Saturday, June 21, 2014

"Humph is in his doge."

(72.25-74.19)  Today we get to the conclusion of the third chapter of the Wake.  The reading picks up with the unexpected visitor (who I'm calling the Cad) still outside of HCE's gate after having hurled a barrage of insults at our hero.  The Cad's still in a drunkenly hostile state, as evidenced by the fact that he now hurls a few actual stones at HCE's home.  He begins to have second thoughts, though, after "reconnoitring through his semisubconscious" and sobering up a bit.  The Cad begins to take his leave, but not before calling to HCE and telling him to come outside so he can deliver a beating to HCE.  Eventually they bite their thumbs at each other in farewell, and the Cad backs away from HCE's gate toward "the duff and demb institutions" of Dublin.

The narrator tells us that this brings to a conclusion (at least for now) the tales of the "siegings round our archicitadel."  The next paragraph (the one that begins on the bottom of page 73) is a bit confusing because it refers to its subject using the elusive pronoun "he" -- is this the Cad the narrator's talking about, or is it HCE?  Maybe it's both, or maybe it's one, then the other.  Whoever it is, the narrator says that he appeared at many other doors across Dublin.  As we turn the page to page 74, it seems like the narrator is now talking about HCE (who is a Finnegan figure:  "some Finn, some Finn avant!").  HCE (assuming he's the "he") will eventually "wake from earthsleep" at the blowing of a mythical horn.  

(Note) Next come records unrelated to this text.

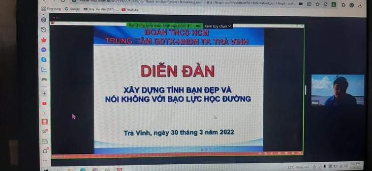 Ngày 30/3/2022, Đoàn trường TTGDTX & HNDN TP Trà Vinh tổ chức diễn đàn “Xây dựng tình bạn đẹp – Nói không với bạo lực học đường”. Đây là hoạt động nhằm giáo dục cho các em học sinh hiểu được vai trò và ý nghĩa của tình bạn trong môi trường học tập cũng như trong cuộc sống. Diễn đàn thu hút trên 60 em học sinh tham gia.
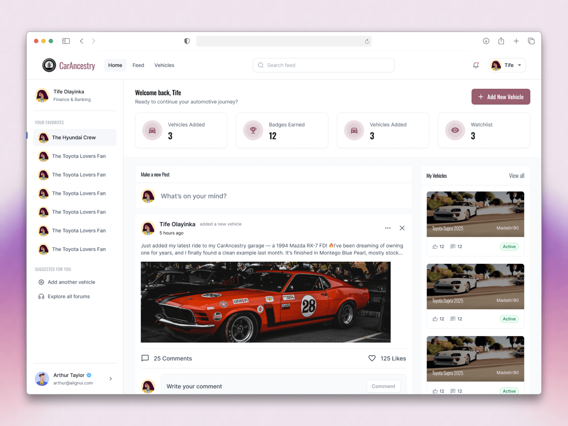 Each user has a personal profile that highlights their vehicles, posts, Panels, and community activity. Engagement-driven features such as badges and milestones reward participation and encourage users to contribute consistently. This creates a sense of progression while reinforcing community identity.
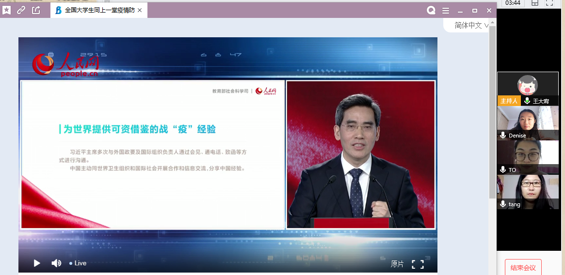 3月9日下午,由教育部社会科学司与人民网联合组织的“全国老员工同上一堂疫情防控思政大课”在人民日报社人民网“云开讲”。伟德国际1946官网积极响应,提前一天通过QQ群、微信群、微信公众号等多种渠道进行宣传,确保通知到位。在学院各党支部、团支部广泛组织员工观看直播,开展线上讨论,强化对思政课的理解和认识,提高员工党员担当责任意识,发挥党支部的战斗堡垒作用。

The narrative then draws a parallel between HCE, Finnegan, and Abraham.  In the future days when the mythical horn is blown to resurrect HCE, God will call "Allprohome" (God's calling Abraham, or calling all to home), and HCE/Finnegan/Abraham will give two answers.  First, he'll respond "Add some."  McHugh notes that this evokes the Latin "adsum," which means "here am I" and is Abraham's response in the book of Genesis when God calls Abraham.  The second answer is "Animadiabolum, mene credidisti mortuum?"  McHugh translates this Latin as "soul of the devil did you believe me dead," which recalls both Finnegan's words upon rising in the Wake (which appear on page 24 as "Did ye drink me doornail?") and Finnegan's words upon rising in the song "Finnegan's Wake" ("do you think I'm dead?").  The narrator concludes the paragraph by saying that "there will be sounds of manymirth" when HCE rises again.

In the final paragraph of the chapter, we learn that HCE still lives, but he's asleep.  Like Finnegan, his extremities spread across the four corners of Dublin.  The chapter closes with a beautiful passage that evokes the comforting feeling of the falling rain as both HCE and we take both our nightly and eternal slumber.  This is Joyce at his best, and I love this bit so much that I'll quote it here in full:
Humph is in his doge.  Words weigh no no more to him than raindrips to Rethfernhim.  Which we all like.  Rain.  When we sleep.  Drops.  But wait until our sleeping.  Drain.  Sdops.